In the 21st century, this anti-music attitude has largely translated into broad censorship of reggaetón, a genre originating in Panama and Puerto Rico that has become extremely popular in Cuba. The genre is typically apolitical and features hyper-sexualized lyrics, therefore the Cuban government has deemed it a threat to the less popular music promoted by the Castro regime.
In 2012, after the explosive success of the song “Chupi Chupi” by Osmani García, the Cuban Institute of Music announced that it would ban all reggaetón from Cuban airwaves. The president of the institute, Orlando Vistel, announced in an interview with the Communist Party newspaper Granma that “vulgar, banal and mediocre expressions” in “foreign trends that violate the most fundamental ethical principles” would be banned from the island, citing reggaetón as “more notorious” than other genres for challenging the ethics of the murderous Castro regime. The ban affected broadcasts as well as the ability of artists to organize concerts and book venues.
In the interview, Vistel implied that the problem with reggaetón was that the Castro regime did not control it, and it was more popular than the music it did. “Son and salsa, jazz and rumba … receive great international recognition. That is the reality of Cuban music and Cuban musicians,” he asserted.
Only one sector of the population has escaped the government crackdown on reggaetón: members of the Castro family. Dictator Raúl Castro’s grandson Raúl Guillermo “The Crab” Rodríguez Castro, in particular, has become a reviled social media personality after his appearance on stage at a concert by Cuban reggaetón stars Gente de Zona. The city of Miami revoked the key to the city presented to the internationally-acclaimed group following their tolerance of the presence of a Castro at their concert.

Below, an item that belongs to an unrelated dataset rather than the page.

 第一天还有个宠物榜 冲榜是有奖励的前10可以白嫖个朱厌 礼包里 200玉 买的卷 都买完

Three years after banning everyone but the Castro family from listening to reggaetón, in a panel discussion covered in Granma, government officials lamented that censorship had failed. “Who is paying attention to traditional groups, so little reflected in our media?” one official argued. “Anybody would think that our national dance is reggaetón.”
The censorship failed because, much like in North Korea, Cubans use USB flash drives (known in Cuba as “paquetes,” or packages) to share cultural material the government banned. “As a form of civilian insurgency, portable speakers and other electronics flood the streets, [supermarket] lines, farmer’s markets, businesses … and public transport,” Cubanet explains in an article published Tuesday. Most are blasting reggaetón.

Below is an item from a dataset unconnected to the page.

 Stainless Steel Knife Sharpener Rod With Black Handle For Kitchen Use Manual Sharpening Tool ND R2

Yomil y el Dany, featured on the banned song “Música Vital,” became famous after their singles became a staple on the most popular “paquetes” on the streets on Havana. They have nonetheless faced continued censorship.

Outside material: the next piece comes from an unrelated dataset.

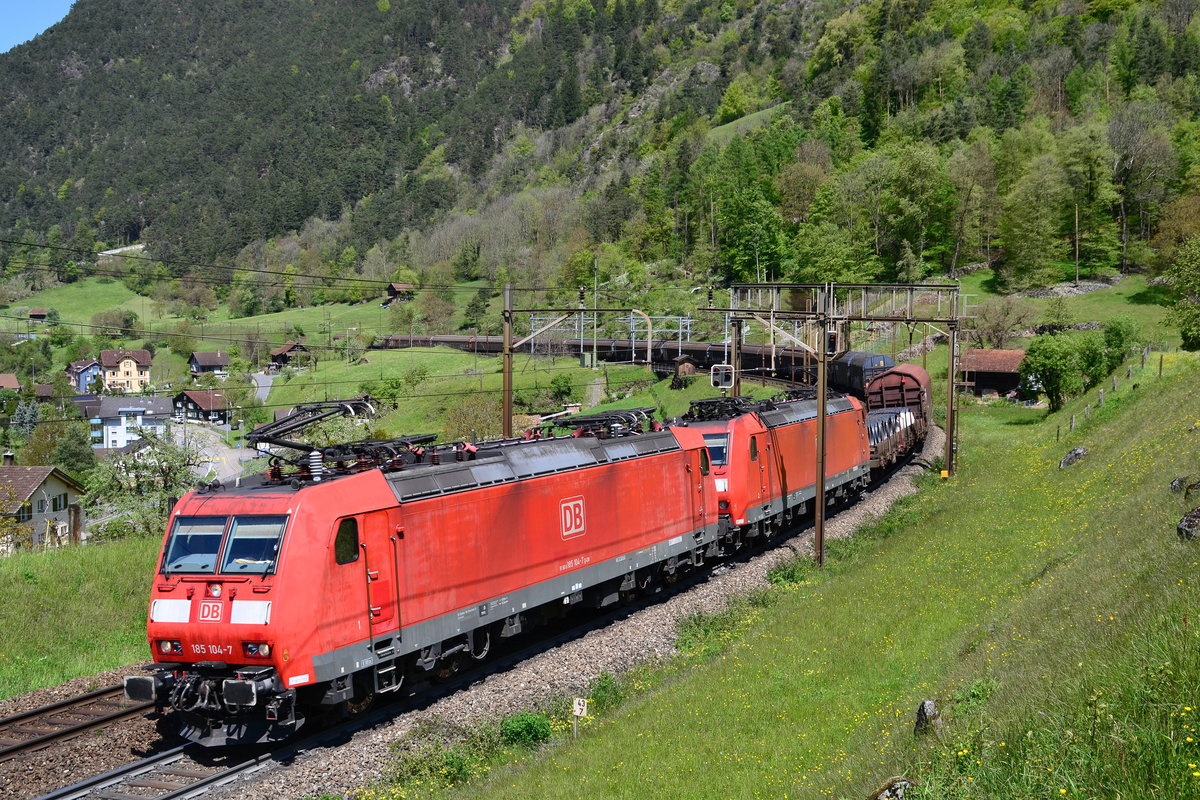 185 104 + 185 xxx mit einem schweren gemischten Güterzug am 05.05.2016 bei Silenen

“I have had conversations to defend us and defend the genre with the president of the Music Institute, I have gone to the Ministry of Culture thousands of times to ask for an interview, and for someone to give me a logical explanation,” a frustrated Yomil told an interviewer in December.
While the reggaetón group has faced government repression, the banning of “Música Vital” is particularly baffling because of the presence of Portuondo, precisely the sort of musician Havana imposes on the general population. Portuondo made her name as a vocalist in Buena Vista Social Club, a Cuban musical ensemble made up of older communists famous for, among other things, songs about the greatness of mass murderer Ernesto “Che” Guevara.
Portuondo has not commented publicly on the ban.
Buena Fe, the other musical act on the song, has also praised the Castro regime. Following his death, a member of the group issued a statement on social media reading, “Eternal glory to Fidel! Open the doors of history! They could not stop him when he was flesh and bone, now he is invincible.”
The Cuban government has not officially remarked on the ban either, or provided a public explanation. Officials have also not denied that the song will no longer play on state television and radio, the only legal media in the country.